Technology

Electric Vehicle Charging Stations: What HOAs Need to Know

EV adoption is accelerating across the country, and HOA communities are feeling the pressure from both residents and new state legislation. Here's a practical guide to understanding your obligations, evaluating installation options, and building an EV policy that works for everyone.

DP

David Park

Technology Consultant

March 14, 2024|7 min read

Why EV Charging Has Become an HOA Issue You Can't Ignore

Electric vehicle adoption has crossed from early adopter territory into mainstream. By early 2024, EVs represent more than 8% of new vehicle sales nationally and significantly more in states like California, where they account for nearly 25% of new registrations. For HOA communities — particularly condominiums and townhomes where residents park in shared structures or don't have private garages — this creates a complex infrastructure challenge that boards are increasingly required to address.

The pressure isn't just coming from residents who want to charge their cars. Multiple states have passed legislation specifically limiting HOAs' ability to restrict EV charging installation. California, Florida, Colorado, Virginia, and others now have "right to charge" laws that constrain what HOAs can and cannot prohibit. Understanding the legal landscape in your state is the mandatory first step before making any EV-related policy decisions.

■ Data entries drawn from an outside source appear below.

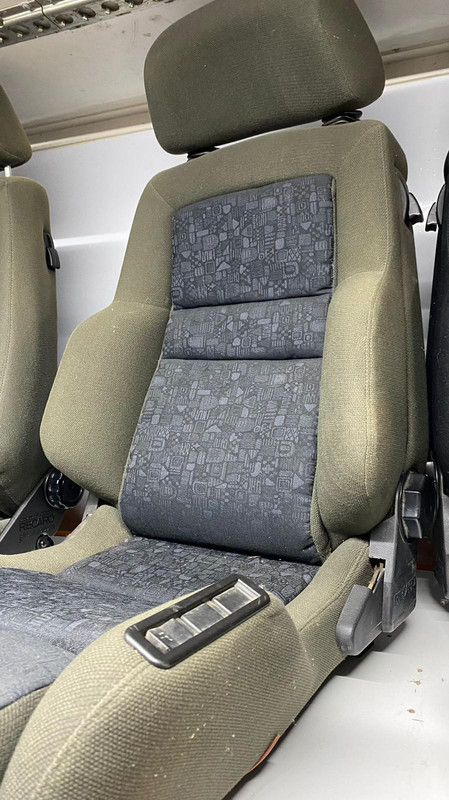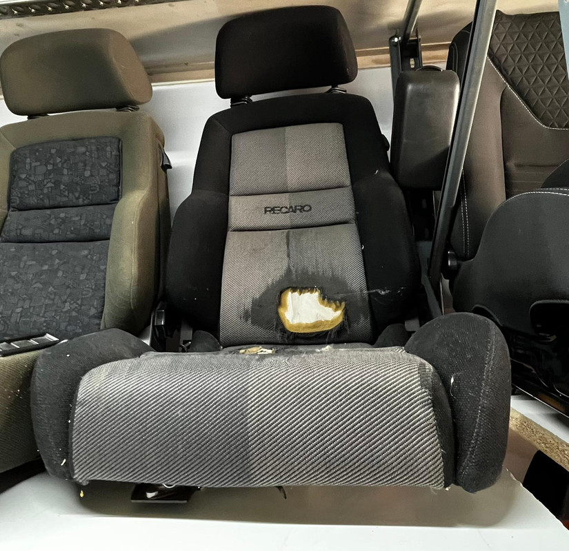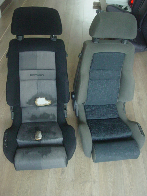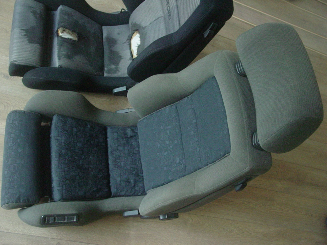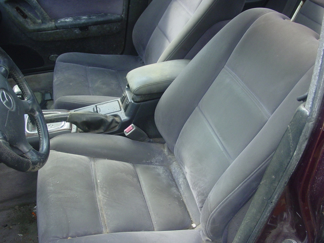 De '94 Mercedes Combi, bestuurdersstoel heeft een genaaide lelijke plek op de zijkant, en achter twee draaiknoppen op het dashboard zijn twee plastic clips totaal vergaan, die moet ik even regelen zodat de knoppen weer blijven zitten en werken.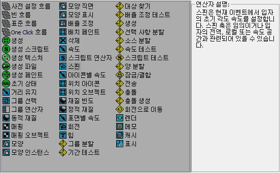 파티클 뷰에서 기지의 오른쪽에 있는 설명 패널은 기지에서 동작의 이름을 클릭하면 해당 텍스트 설명을 표시합니다. 기지 표시는 파티클 뷰 메뉴 명령 표시 설명으로 토글할 수 있습니다.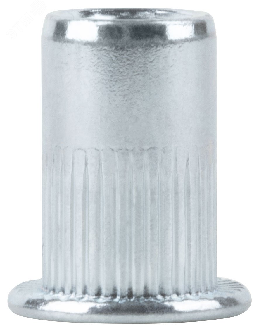 Стальная резьбовая заклепка с насечками и стандартным цилиндрическим бортиком, покрытие цинк. Применяются для скрепления тонколистовых материалов с получением в точке скрепления внутренней резьбы и последующего монтажа прикрепляемого материала. Упаковка — п/э пакет с подвесом.

The Legal Landscape: Right-to-Charge Laws

Right-to-charge laws vary significantly by state, but most share common features: they prohibit HOAs from unreasonably restricting a homeowner's ability to install EV charging equipment at their designated parking space, while allowing boards to establish reasonable rules around installation standards, safety requirements, and cost allocation.

"Reasonable restrictions" typically include:

  • Requiring licensed electricians for installation work
  • Requiring the homeowner to cover all installation costs within their unit or designated space
  • Requiring the homeowner to maintain insurance for the equipment
  • Establishing aesthetic standards for visible components
  • Requiring board approval before installation (but not allowing unreasonable denial)

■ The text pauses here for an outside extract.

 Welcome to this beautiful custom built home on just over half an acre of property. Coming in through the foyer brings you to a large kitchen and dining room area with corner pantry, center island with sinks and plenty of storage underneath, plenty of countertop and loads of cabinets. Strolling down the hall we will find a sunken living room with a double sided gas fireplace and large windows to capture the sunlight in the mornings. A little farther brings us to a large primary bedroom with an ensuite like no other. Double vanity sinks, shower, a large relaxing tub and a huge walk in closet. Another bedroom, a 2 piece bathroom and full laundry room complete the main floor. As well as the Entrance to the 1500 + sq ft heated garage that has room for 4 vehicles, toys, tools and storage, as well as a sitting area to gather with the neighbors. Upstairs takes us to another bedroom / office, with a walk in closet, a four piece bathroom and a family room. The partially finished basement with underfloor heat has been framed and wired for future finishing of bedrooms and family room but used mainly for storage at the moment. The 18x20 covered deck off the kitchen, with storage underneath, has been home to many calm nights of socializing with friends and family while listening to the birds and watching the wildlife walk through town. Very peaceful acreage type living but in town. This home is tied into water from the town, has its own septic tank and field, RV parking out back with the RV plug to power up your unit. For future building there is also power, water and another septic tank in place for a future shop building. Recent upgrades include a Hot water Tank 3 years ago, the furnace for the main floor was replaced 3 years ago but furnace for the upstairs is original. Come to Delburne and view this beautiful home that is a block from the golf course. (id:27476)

What boards generally cannot do under these laws is simply say no. A blanket prohibition on EV charging equipment is legally invalid in right-to-charge states. Boards that try to enforce such prohibitions expose themselves to costly litigation they are unlikely to win.

Shared Parking and Common Area Charging

The more complex challenge for many communities is shared parking — garages or lots where residents don't have assigned spaces or where electrical infrastructure can't easily be extended to individual parking locations. This is where community-owned charging stations become a potential solution.

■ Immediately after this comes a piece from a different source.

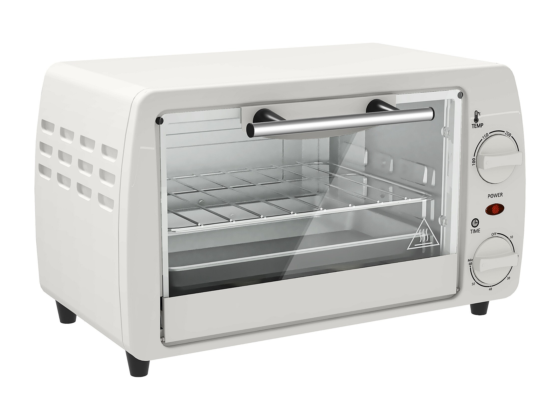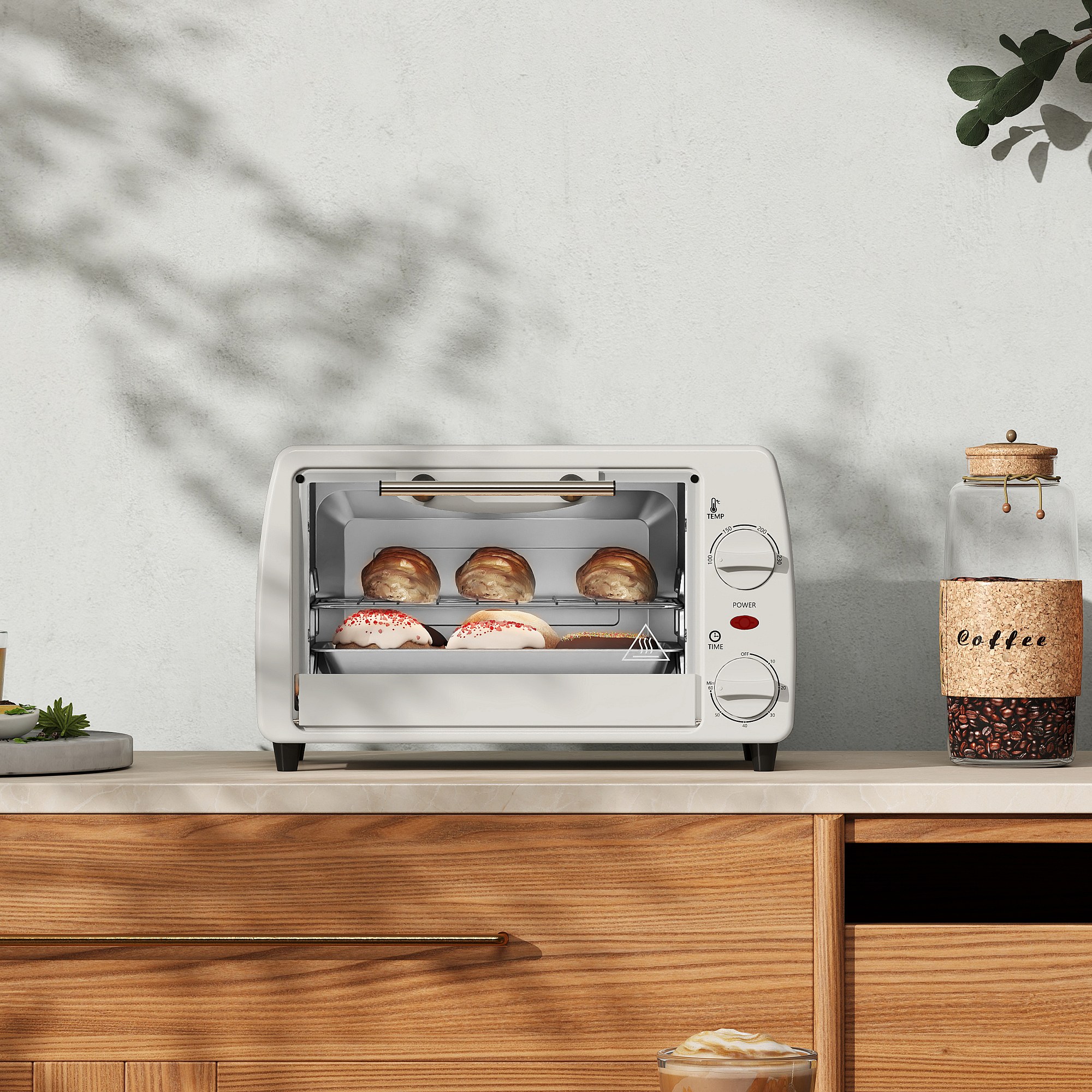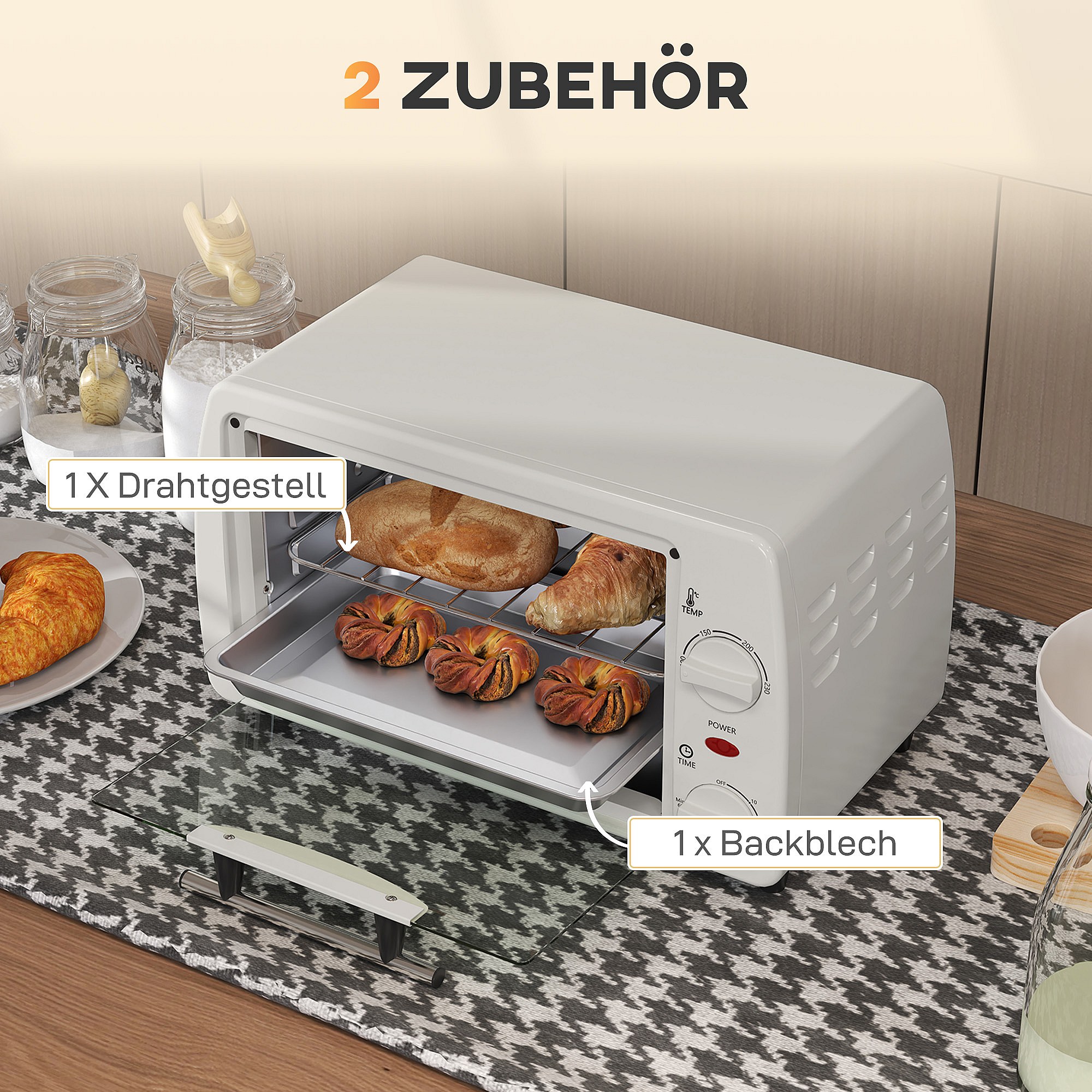 Mini four 10L, 750W, température réglable de 100°C à 230°C, minuteur 60 min, plaque de cuisson et grille, métal, crème (36.5x26x22cm)

Community-owned charging stations typically involve three components: the physical charging hardware, the electrical infrastructure to support it, and a software management system for usage tracking and billing. Vendors like ChargePoint, Blink, and EVgo offer turnkey solutions designed for multi-family communities that handle all three components, often with revenue-sharing models that offset infrastructure costs through per-session charging fees.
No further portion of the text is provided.